# Front Hitch for '04 Chevy Trailblazer



## Centralpafish (Jul 5, 2007)

I'm ready to order a rear for my Trailblazer from a friend of ours but I thought I should not rule out a front rack. When I looked I could not see a good way to attach a hitch up front. As well the truck came equiped with a rear hitch, pig tail the whole package. Opinions please and take longer than 1/2 time. 

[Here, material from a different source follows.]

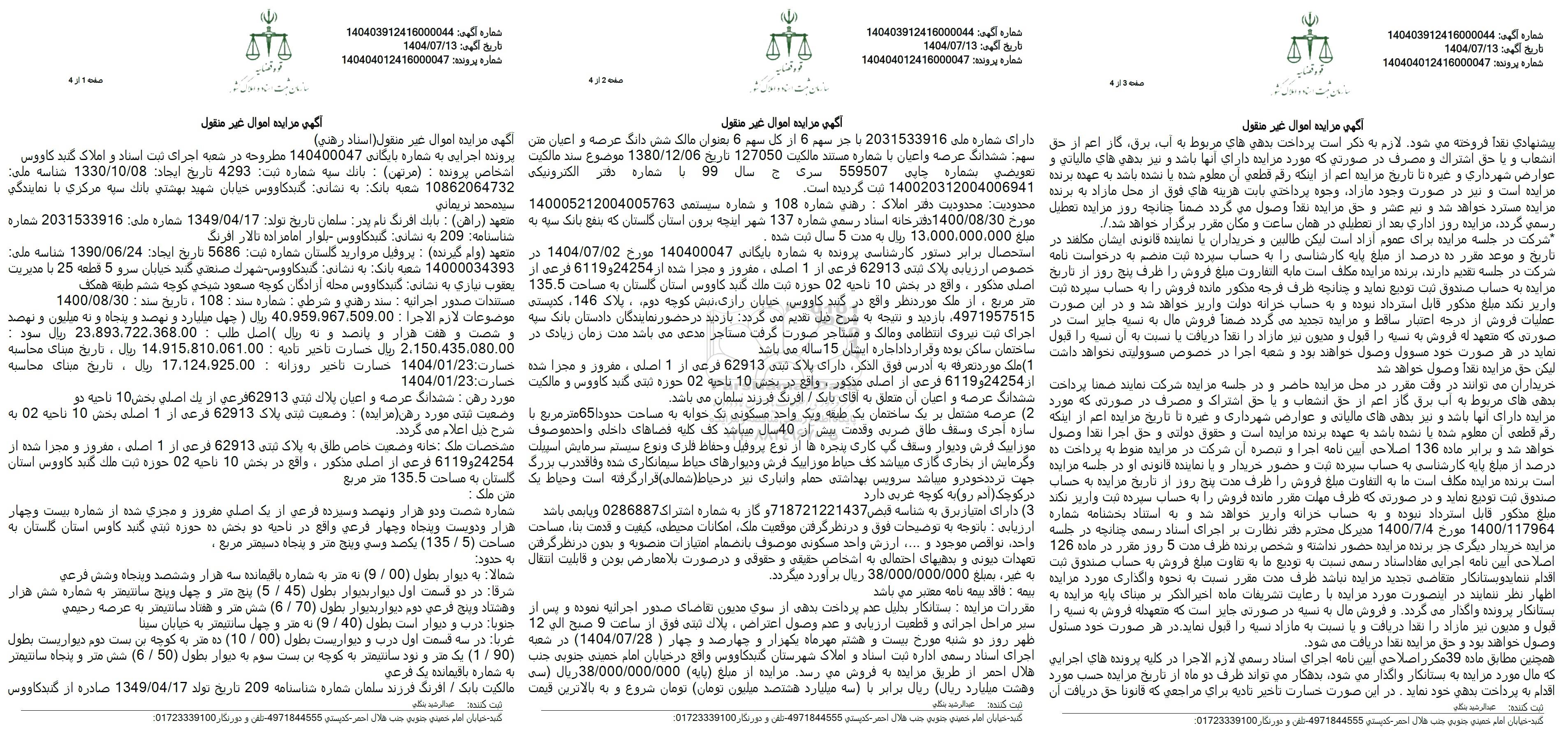 مزایده فروش ششدانگ عرصه و اعیان به پلاک ثبتی 62913 فرعی از یک اصلی به مساحت 135.5 مترمربع واقع در گنبد کاووس گلستان

Good games so far today, Philly Jack


----------



## Rockfish1 (Apr 8, 2005)

if you have front pull/tow hooks you can hook up a front mount to those attachments... not sure who has them but I've seen plenty of front hitch mounts... lemme make a couple calls and see what I can dig up...


----------



## catman32 (Apr 20, 2005)

*Hey Philly*

Pm shooter or me and we can probably help out.


----------



## Shooter (Nov 14, 2004)

Philly, sorry I havent gotten back with ya yet but still laid up with back problems and can't sit at the puter for long. Catman32 can get up with ya and let ya know all the details.

I am off to happy pill land :redface:


----------



## fyremanjef (Feb 17, 2005)

Philly,

I have a front rod rack. I had a hidden hitch installed where my tow hooks go, and attached a 2" male adapter to my rod rack. Now I can easily add and remove it when I am at home. Since I live out side of DC and I am in PA every weekend, I would look quite weird with a 24/7 hitch.

As far as front or back, I like the front, as I have an 04 Yukon and enjoy being to open and work from the hatchback.


----------



## notso (Jul 18, 2005)

Looks like Hitches online has a front hitch for you for $139. If that's the way you want to go.


----------



## Centralpafish (Jul 5, 2007)

catman32 check your PMs


----------